Panorami sulle dolomiti in estate

Quattro anni fa, nel 2014, le commemorazioni per i 100 anni dall'inizio della Prima Guerra Mondiale avevano catalizzato le attenzioni dei media su tutto l'Arco Alpino, oggi, nel 2018, ricorre il centenario della fine della Grande Guerra 1915-1918 e le Dolomiti festeggiano questo lieto evento.
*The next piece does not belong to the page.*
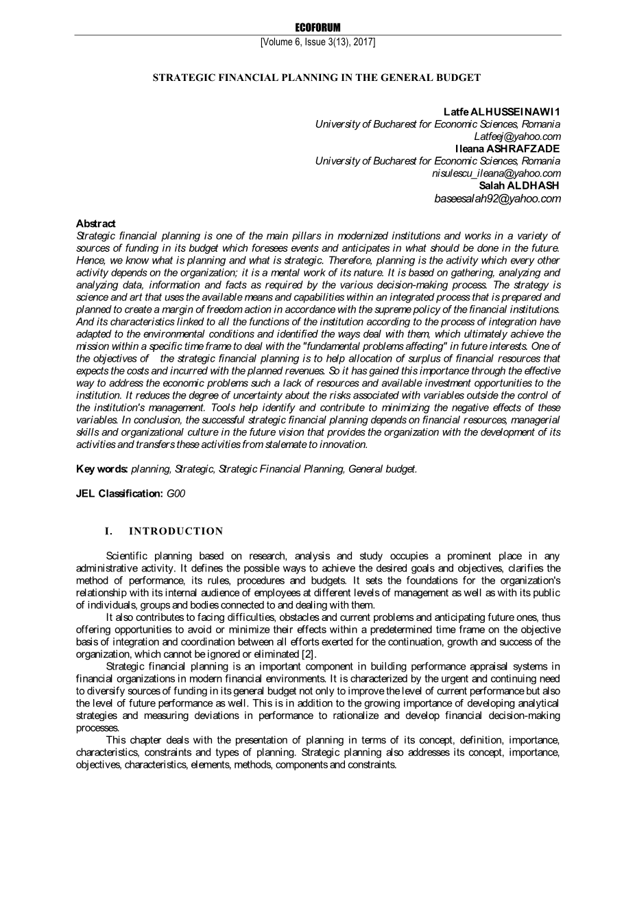 战略财务规划是在现代金融环境中建立金融机构绩效评估系统的重要组成部分。 其特点是迫切和持续需要在其一般预算中分散资金来源,不仅要提高当前业绩水平,还要提高未来业绩水平。此外,制定分析战略和衡量绩效偏差以合理化和发展财务决策过程的重要性日益增加。

Patrimonio Mondiale UNESCO, le Dolomiti conservano però ancora le ferite di quell'epoca nella quale uomini, un tempo amici e uniti dalla passione per le quelle meravigliose montagne, per l'esplorazione, per l'arrampicata, hanno dovuto vivere e convivere con le insidie della montagna durante le quattro stagioni degli anni 1915-1918 e con le atrocità della guerra. Nomi noti della nobiltà e della borghesia austroungarica, tedesca, italiana e inglese, che alla fine dell’Ottocento e agli inizi del Novecento avevano scritto il proprio nome negli annali delle grandi "prime” alpinistiche sulle Dolomiti, tutto a un tratto si ritrovarono nei luoghi da loro amati a fronteggiarsi da nemici, combattendo e morendo, spesso per guadagnare pochi centimetri di territorio che già nell'assalto seguente andavano nuovamente persi. Oggi tutto ciò per fortuna è un brutto ricordo, mantenuto vivo però dai tanti reperti storici, artefatti e costruzioni nei punti strategici delle montagne, spesso restaurati e resi accessibili al pubblico, quale monito alle generazioni contemporanee affinché ci pensino bene prima di commettere gli stessi errori dei propri avi.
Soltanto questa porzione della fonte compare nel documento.